А в это время снаружи Библиотека медленно начинала рушиться, с нее что-то сыпалось, шаркая по стенам и оставляя в воздухе следы невесомых щепок. Лещь метался по асфальтовой площадке перед зданием, порывался забежать внутрь и в ужасе отбегал, закрыв голову руками, когда рядом ломался от удара кирпич. Корчидон молчал, сидя на тротуаре, и несвязно, как пьяный, бормотал: «Мы им ничем не поможем. Мы не сможем помочь.
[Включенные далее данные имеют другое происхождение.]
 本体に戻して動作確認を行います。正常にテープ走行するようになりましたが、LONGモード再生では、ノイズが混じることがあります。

Мы…» А Лещь тряс Ярана за локоть, царапая руки о шипы, кричал что-то о том, что надо помочь, а Яран хмурился, или, может быть, сомневался, — ничего не выражала роговая безликая маска, стянутая крепкой коричневой кожей и серыми чешуйками…
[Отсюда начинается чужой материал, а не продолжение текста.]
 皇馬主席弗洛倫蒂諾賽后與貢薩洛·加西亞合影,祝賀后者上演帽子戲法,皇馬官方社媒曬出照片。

…Это был огромный, хорошо освещенный зал. Белые крашеные стены сверкали стерильной чистотой, многократно отражая свет бесформенных, словно оплавленных ламп. В центре зала, занимая почти все пространство, лежала невысокая, в метр высотой ячеистая плита, словно пласт огромных пчелиных сот, и под стеклом каждой ячейки шевелился сизый слоистый туман. Туман плавно курился, растекаясь по гладким стенкам двенадцатигранной ячейки, туман яростно рвался наружу, липнув к стеклу темными сполохами, туман жил, чувствовал, мыслил, и Михаил не сразу понял, что это и есть матрицы.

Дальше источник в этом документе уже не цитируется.